#### Exercise brief
After locating the line with "Une collection de" in the entries below, output it and each following line up to and including the line with "Young hispanic woman", exactly and without pictures.

#### Given records
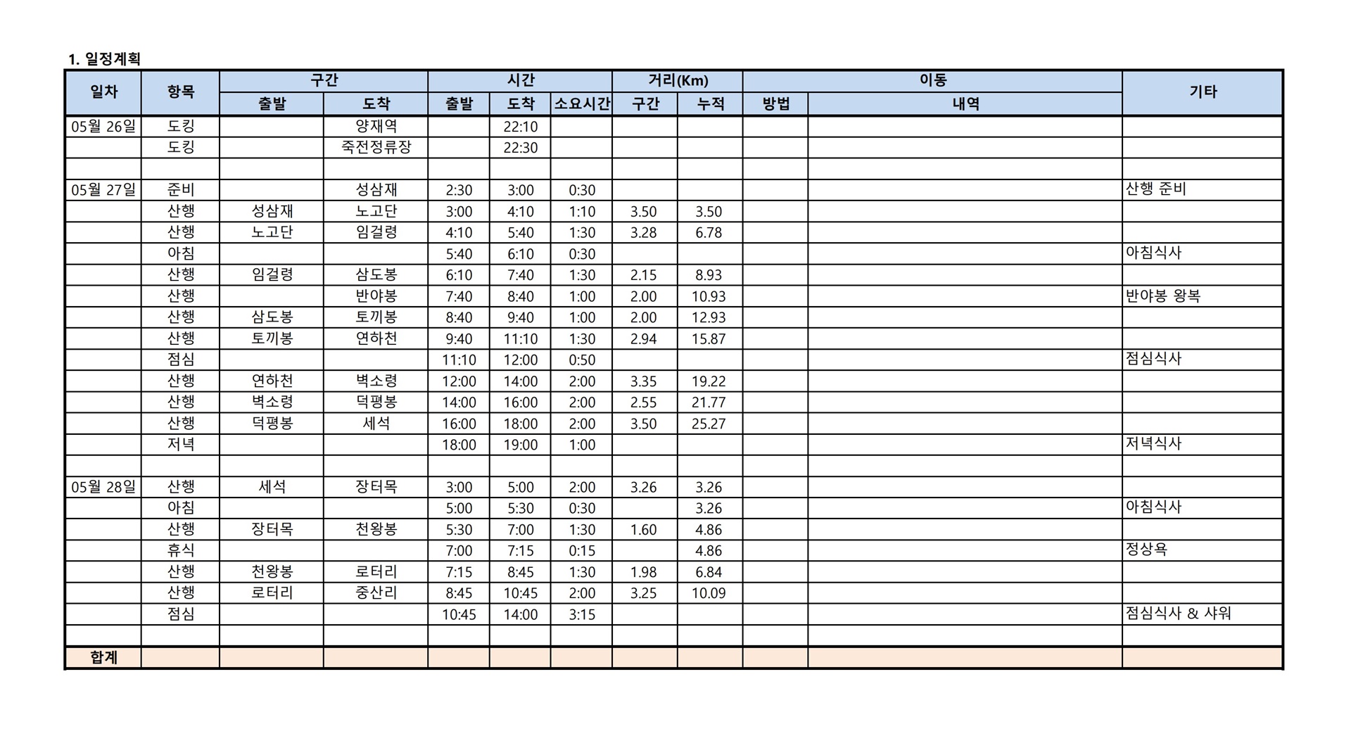 둘 모두 산행 스타일이 거북이라서 구간 일정을 매우 여유롭게 계획하였는데,
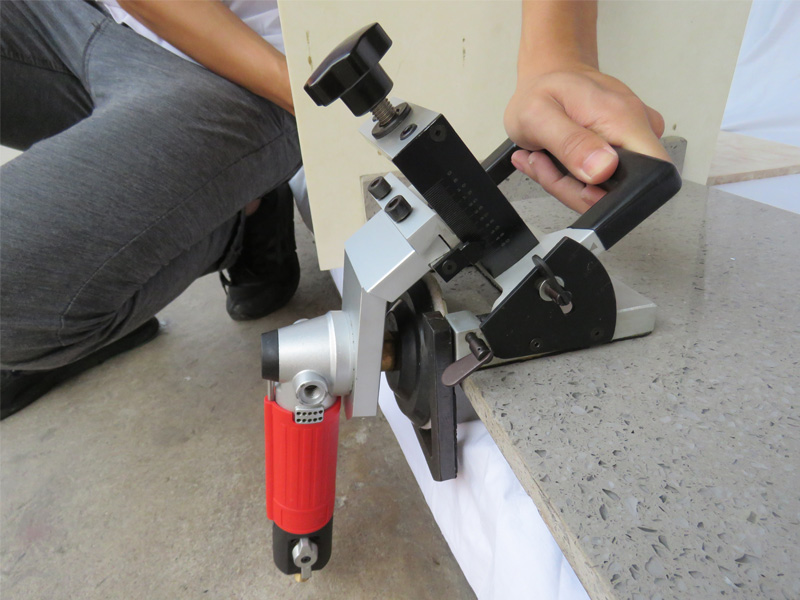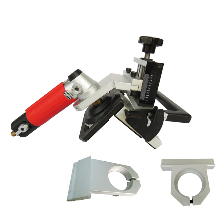 多功能倒角磨邊機架配上氣動水磨機后,可倒角15°-45°和磨90°邊,工具簡單易懂,可隨時替換配
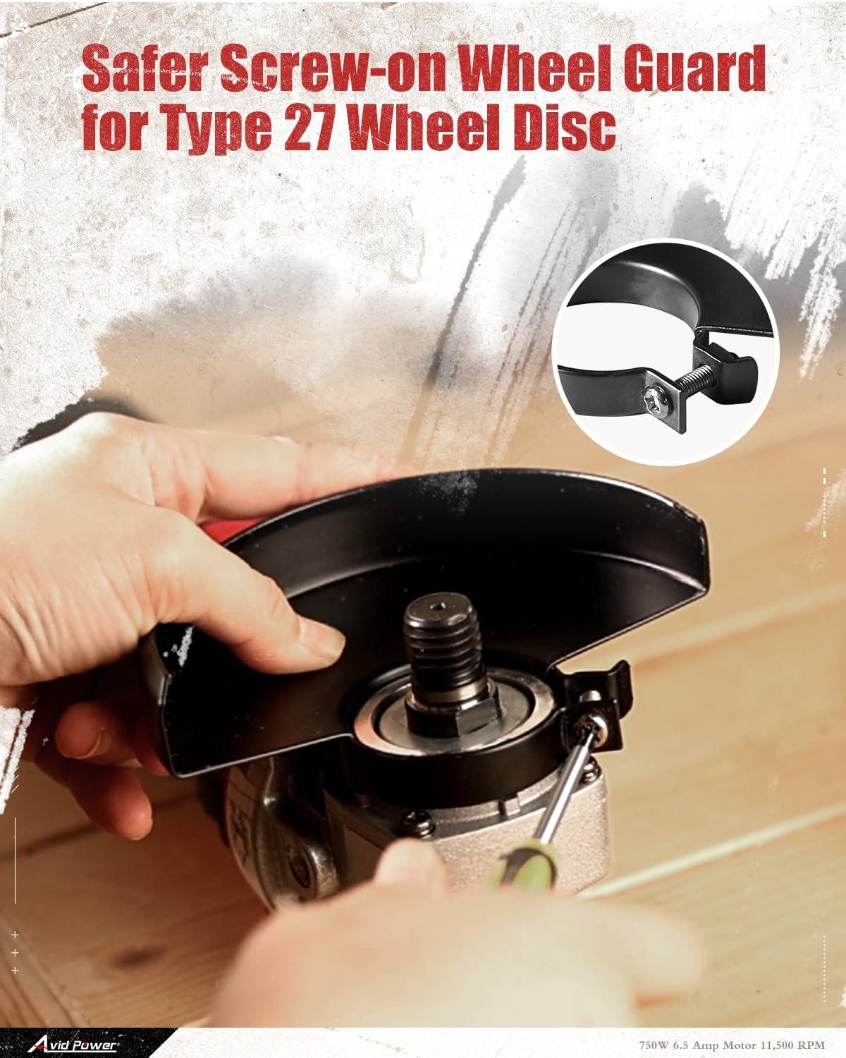 Screw-on Guard for Safety & Side Handle for Added Control: Wheel guard can be adjusted with screwdriver (NOT included) to angles to prevent from injury. 2-position handle is friendly for left & right hands to grip. Side grinder weighs only 3.20lbs, less fatigue & comfortable in prolong use
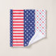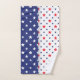 Une collection de serviettes de toilette de motifs étoilés rouges, blancs et bleus accrochées à un porte-serviettes.
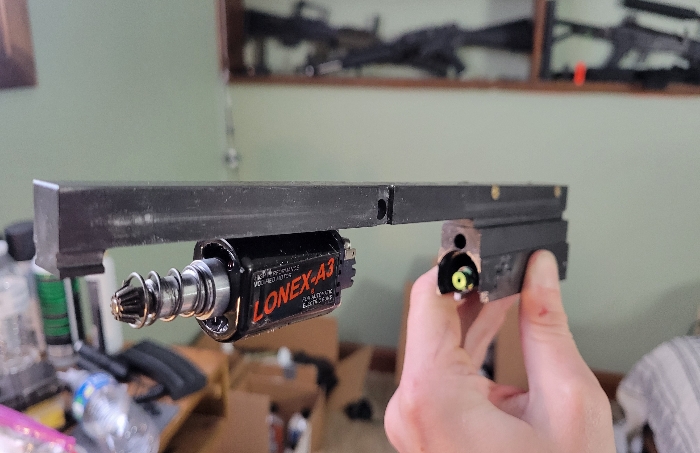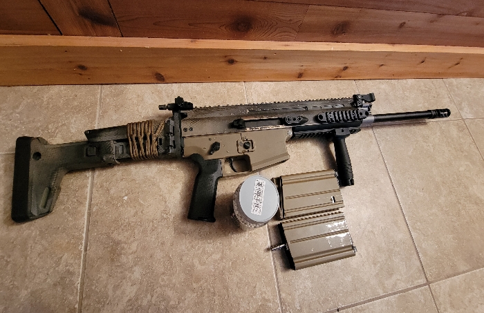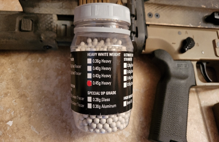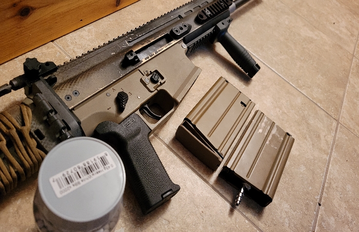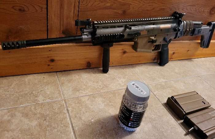 Currently tuned to shoot 2Joules with .45g bbs (included upon request) as it was going to be a DMR for me
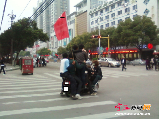 电动车上坐6人逆向快速闯红灯!(网友“山高路远”拍摄的一幕)
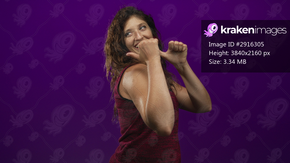 Young hispanic woman with thumbs to chest wearing a sleeveless tanktop in a purple studio; playful confidence.
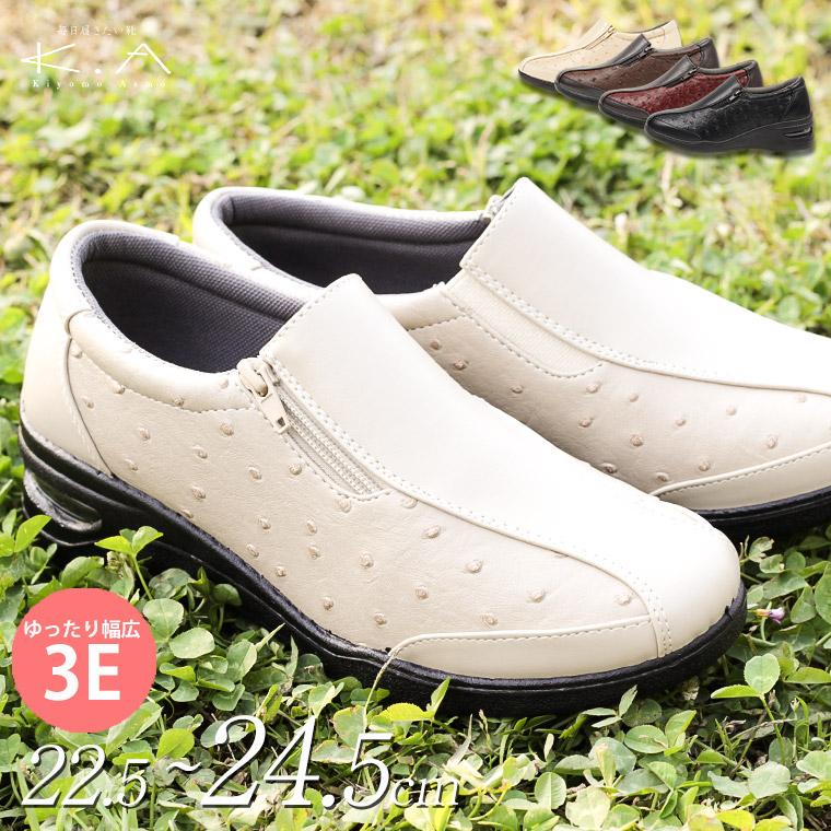 コンフォートシューズ 超軽量 モデル着用 注目アイテム レディース エアソール サイドファスナー エアークッション カジュアルシューズ 250 ミセス 婦人靴 軽い スニーカー レースアップ
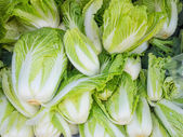 Tło żywności chińskiej kapusty Bok choy na słonecznym rynku rano w Hiszpanii. Strzał z bliska z selektywną ostrością
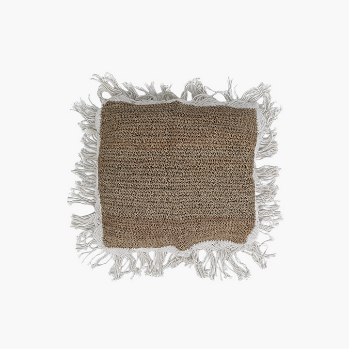 Ürün İsmi: Natural Makrome Beyaz Püsküllü Kare Kırlent 50 cm
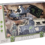 Set militar de acțiune pentru micii strategi, oferă ore de distracție pe uscat, în aer și pe apă. Include un vehicul de 25 cm, figurine de soldați și accesorii bogate. Pentru o experiență și mai intensă, are efecte luminoase și sonore activate prin butonul de pe arma vehiculului. Datorită roților libere, deplasarea este lină și pregătită pentru orice misiune.
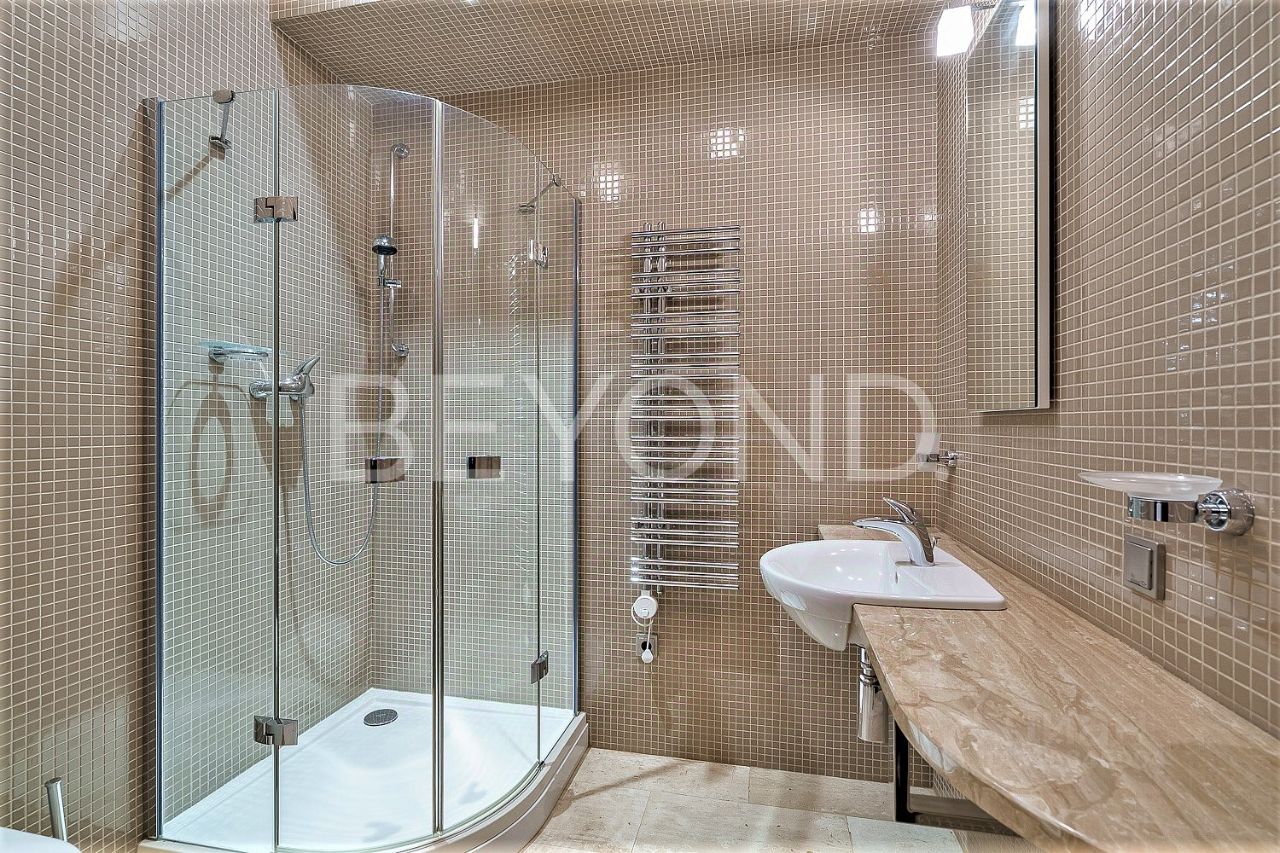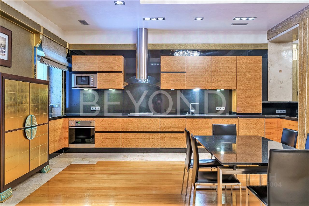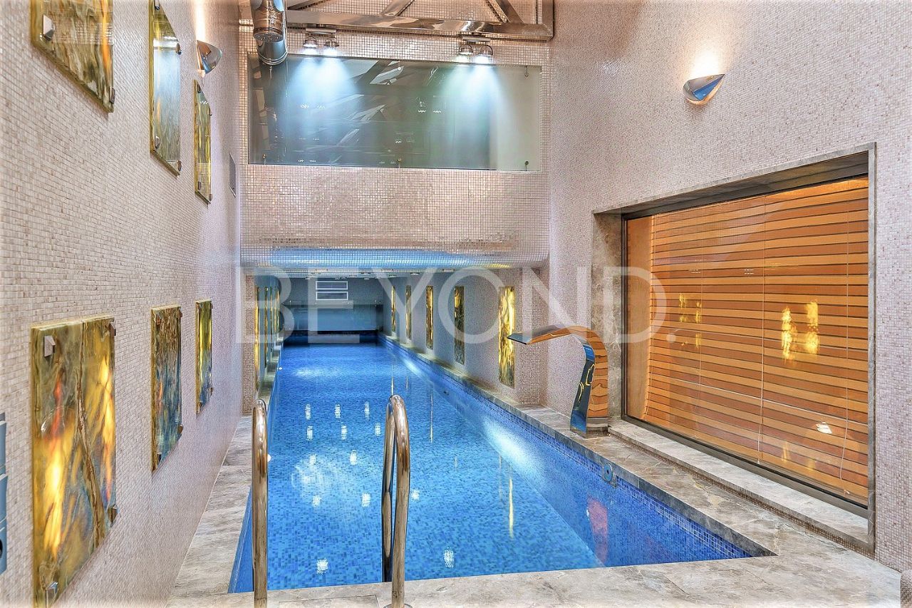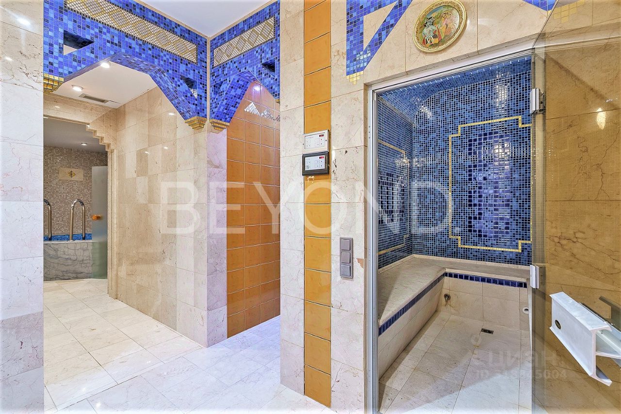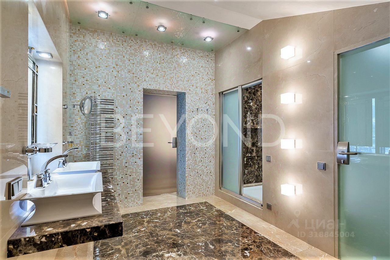 Пространство 1-го этажа основного дома представлено просторной гостиной зоной, кухонной и столовой зоной, обеденным залом, СПА-комплексом с 16-и метровым бассейном, русской и турецкой парной, а также каминным залом, кинотеатром, спальней с собственной ванной комнатой, постирочной и помещением для охраны. На 2-м этаже дома расположились 3 спальни, каждая с собственной ванной комнатой и зона отдыха.

#### Answer to this task
 Une collection de serviettes de toilette de motifs étoilés rouges, blancs et bleus accrochées à un porte-serviettes.
 Currently tuned to shoot 2Joules with .45g bbs (included upon request) as it was going to be a DMR for me
 电动车上坐6人逆向快速闯红灯!(网友“山高路远”拍摄的一幕)
 Young hispanic woman with thumbs to chest wearing a sleeveless tanktop in a purple studio; playful confidence.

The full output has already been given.